6.  How much broader is a FODMAP diet after a year from introduction?

Patients can push their tolerance gradually, ie. start with moderate FODMAP containing foods and slowly increasing amounts eaten. We don’t advocate the low FODMAP diet as a life long diet, or even long term diet plan. Patients should not feel restrictive for rest of their life. The main aim of the low FODMAP diet is to achieve good symptoms control. Most patients may only have to avoid high FODMAP foods in large amounts.

7. What is a typical patient like? Age, symptoms, gender.

Middle aged, female. Nowadays younger and younger.

Many have struggled with symptoms for many years. Once they have spoken with a friend or someone with IBS, they only then realise how severe their symptoms are and that these are not normal. Once they get rid of the symptoms they feel well and energetic – perhaps for the first time in a long time.

8.  Do you use FODMAP diet for patients without clinical IBS?

Yes, after IBD and celiac diseases are cleared, we do consult patients who have disturbing symptoms without clinical IBS. In these cases, we are not likely to introduce a full scale FODMAP diet but partial one and only focus on the really high FODMAP containing foods.

9. Where do patients come from? Via word of mouth, GPs, nurses or other dietitians?

GPs and gastroenterologists refer to us.
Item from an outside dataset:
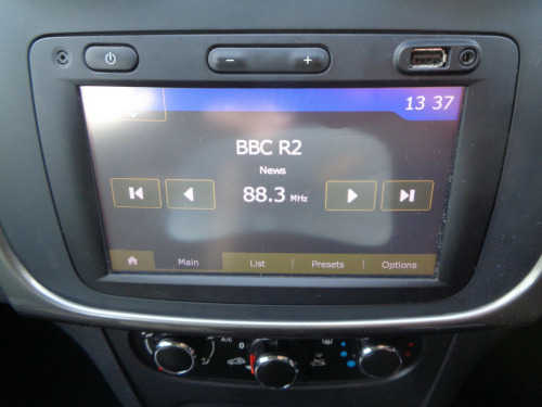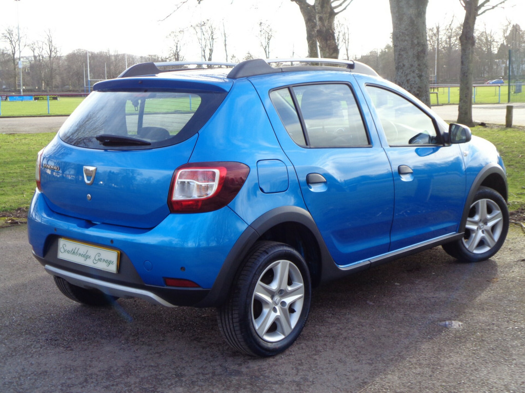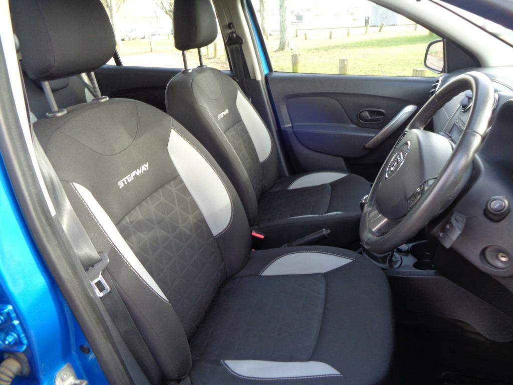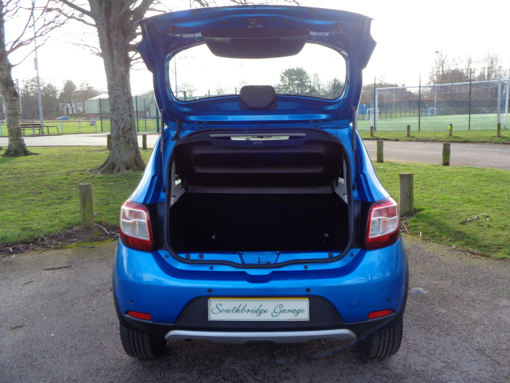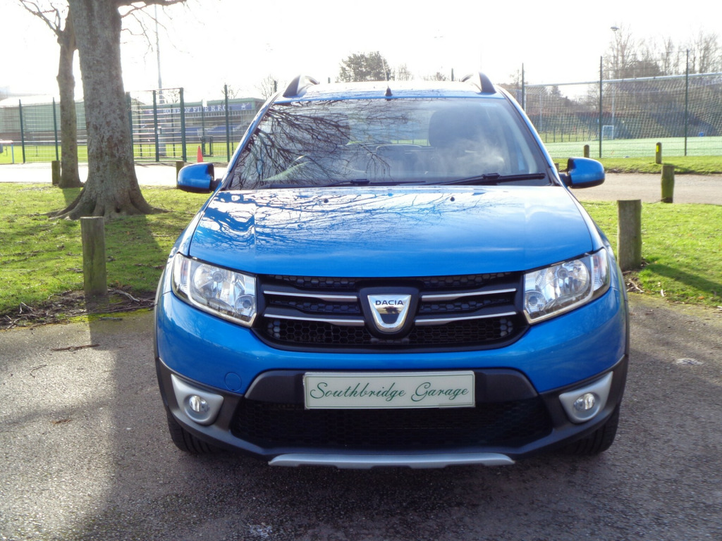 ONLY £35 for road tax on this Azurite Blue top spec Dacia Sandero Stepway. This sits a little higher than the regular Sandero, making it easier to get in and out of. It also comes with the 7'' touchscreen with Satellite Navigation, Bluetooth, etc. Give us a call on 01334 656746 if you would like to come and see it or, if you are not already on it, click the link through to our website for many more photos. Part exchange welcome. Southbridge Garage, Cupar, KY15 5HY. r conditioning, bluetooth connection, satellite navigation, usb/ipod interface, adjustable steering column, cruise control, power steering, rear parking sensor, abs, child locks, isofix child seat anchor points, immobiliser, remote central locking, electric front windows, electric mirrors, rear electric windows, auxiliary input socket, oem sound system, front head restraints, height adjustable drivers seat, folding rear seats, rear headrests, body coloured bumpers, front fog lights, metallic paintwork, rear wash/wipe, roof rails, tyre repair kit, lez compliant

Breath testing clinics are quite a common channel for patients as well. But the reputation of the team is also good, so word of mouth does a lot too.

10. What about gluten? You have shown in a recent trial that gluten really can cause gastrointestinal symptoms in IBS when FODMAP levels are controlled.
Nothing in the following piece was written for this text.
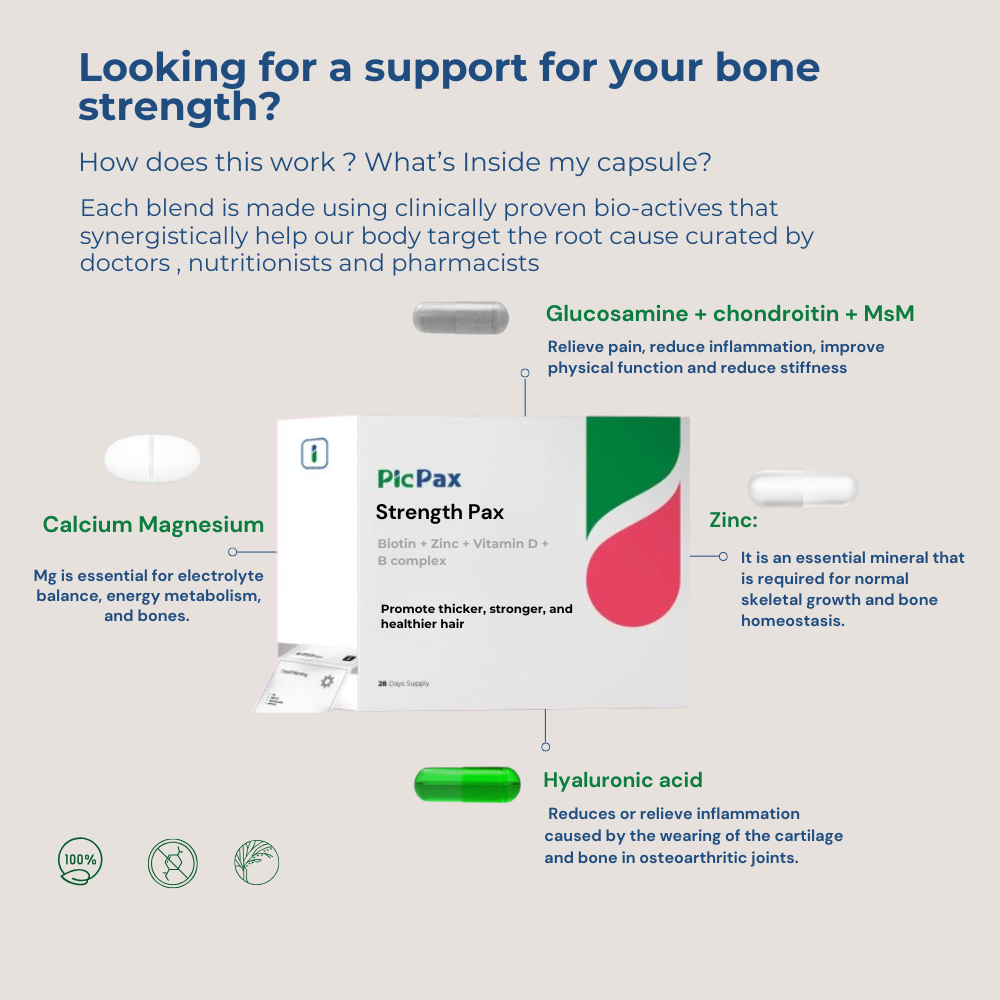 Strength Pax provides targeted nutrients to help manage these conditions and improve overall joint and bone health.

Definitely. We originally thought that fructans (FODMAPs) were the only ingredients in grains to trigger IBS symptoms in non-celiac patients. We were surprised that gluten really induced gut symptoms and fatigue seen in our double blinded, randomised, placebo controlled study. Now we are going to do even to re-examine this phenomenon with a new feeding trial (we provided all of the food for patients). We are analysing more specific and sensitive biomarkers to try and understand how these symptoms are being induced. I hope we can have the results early next year.
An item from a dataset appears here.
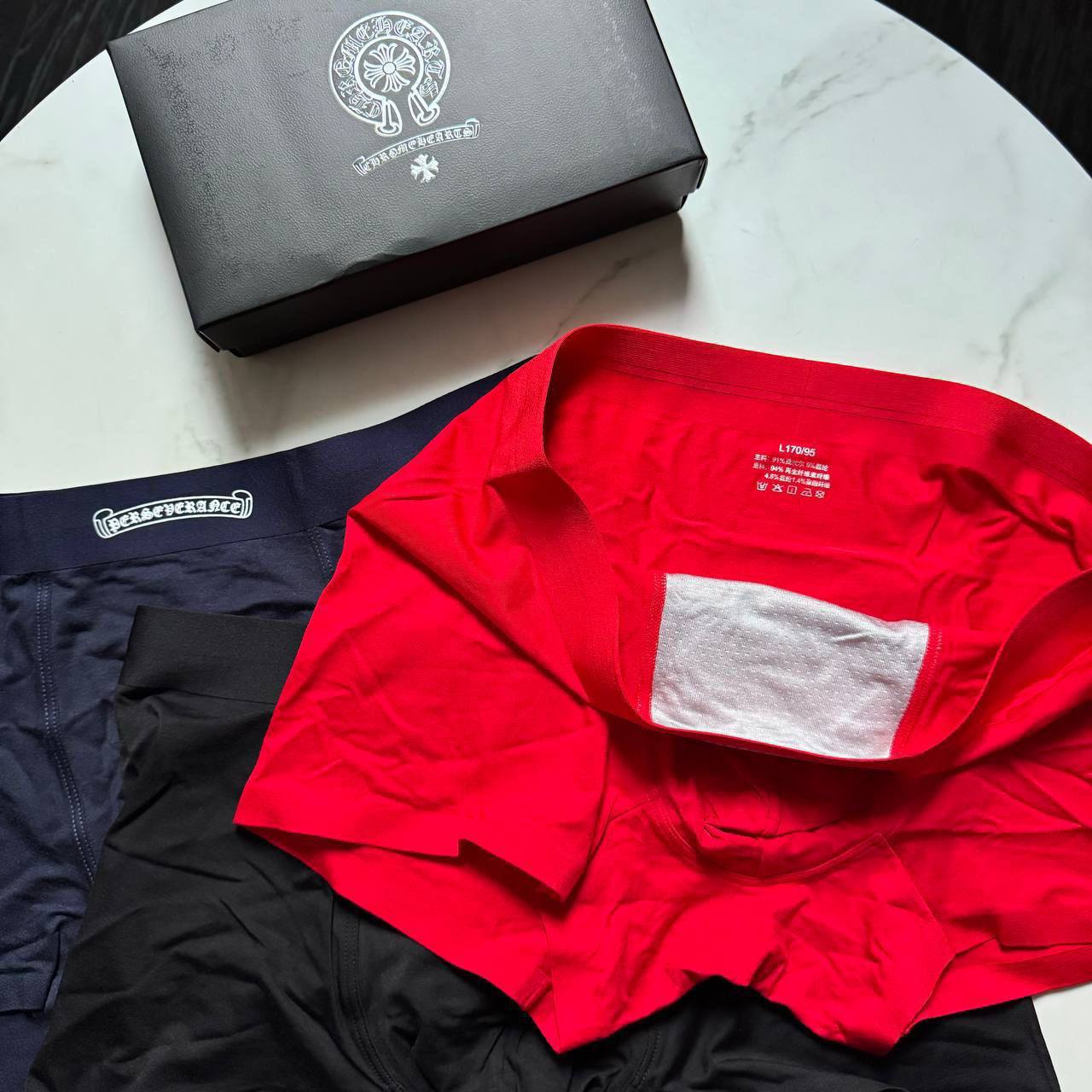 Набор из трёх боксеров CHROME HEARTS LUX-117200 — это стильный комплект мужского нижнего белья. Включает в себя три боксера разных цветов: черный, красный и темно-синий. Данный набор подчеркнет индивидуальность и предоставит комфорт на каждый день.

11.  You have mentioned that FODMAP diet is well known and widely implemented in Melbourne. How about the other parts of Australia?

Not all dietitians fully understand the low FODMAP diet yet.  However, word is spreading across the country.  It’s a popular discussion subject on our national online discussion boards for dietitians.  Education of the low FODMAP diet is not well covered in the training programme of dietitians.  Teaching has started only recently and our research deparment conducts regular seminars aimed towards teaching the approach to dietitians.

Australian gastroenterologists are now advocating the low FODMAP diet in national therapeutic guidelines for IBS.

12.  What would you like to say to dietitians who are interested in the FODMAP diet?

I guess you might not believe its efficacy without testing it. Give it a go.  Results usually speak for themselves. But, please study the research in order to give the correct information.

Jessica Biesiekierski, thank you very much for your time and answers. You do wonderful work for IBS sufferers all around the globe!